▶ **TASK GOAL**
Type the listing below out again exactly. No images.

▶ **THE DATA**

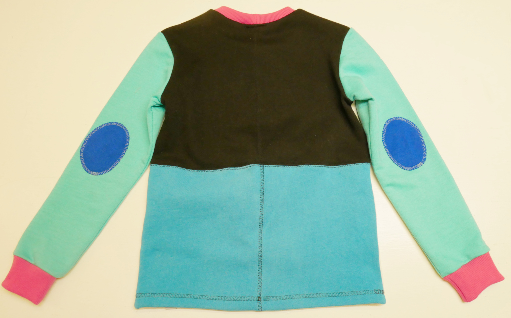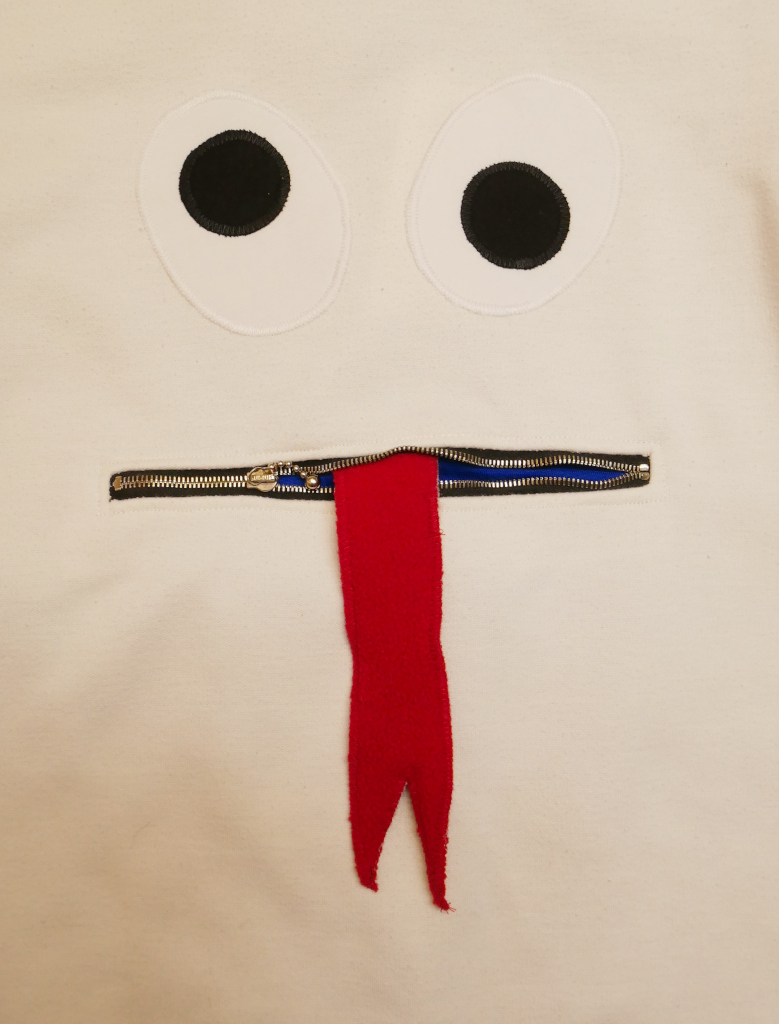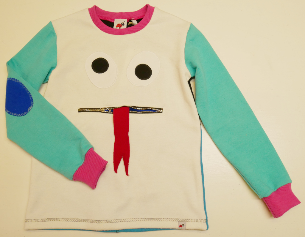 Zipmonstertröja, långärmad tröja med ärmpatchar, knasiga ögon och en blixtlåsficka med gömd tunga fram. Material av flera olika enfärgade collegetextilier i färgerna vitt och svart av 100% bomull, mellanblå college i 65% bomull och 35% polyester och pistagegrön college i, 100% bomull.  Fickpåse och ärmpatchar av kornblå slätstickad trikå, 100% bomull. Hals-/ärmmuddar av ribbstickad rosa trikå, 100% bomull. Ögonapplikation, 100% bomull och tunga, 100% polyester. Metallzip. Allt material är återbruk från andra kläder. Tvättas i 40 grader normaltvätt i maskin, ej torktumling.
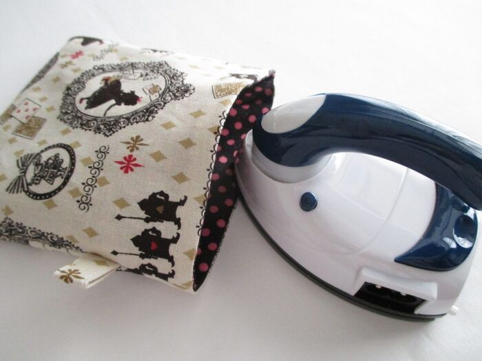 裏地を中に入れ、入れ口にアイロンをかけて形を整えます。
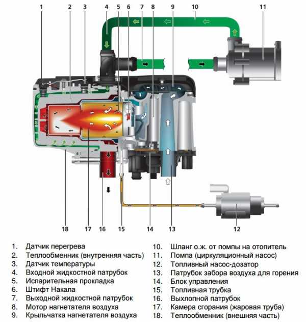 В небольшую камеру сгорания устройства поступает топливо (используется бензин из бака машины). При сгорании выделяется тепло, нагревающее жидкость в теплообменнике. Эта жидкость с помощью насоса по контуру охлаждения нагревает двигатель и печь салона.

▶ **RESULT BELOW**
 Zipmonstertröja, långärmad tröja med ärmpatchar, knasiga ögon och en blixtlåsficka med gömd tunga fram. Material av flera olika enfärgade collegetextilier i färgerna vitt och svart av 100% bomull, mellanblå college i 65% bomull och 35% polyester och pistagegrön college i, 100% bomull.  Fickpåse och ärmpatchar av kornblå slätstickad trikå, 100% bomull. Hals-/ärmmuddar av ribbstickad rosa trikå, 100% bomull. Ögonapplikation, 100% bomull och tunga, 100% polyester. Metallzip. Allt material är återbruk från andra kläder. Tvättas i 40 grader normaltvätt i maskin, ej torktumling.
 裏地を中に入れ、入れ口にアイロンをかけて形を整えます。
 В небольшую камеру сгорания устройства поступает топливо (используется бензин из бака машины). При сгорании выделяется тепло, нагревающее жидкость в теплообменнике. Эта жидкость с помощью насоса по контуру охлаждения нагревает двигатель и печь салона.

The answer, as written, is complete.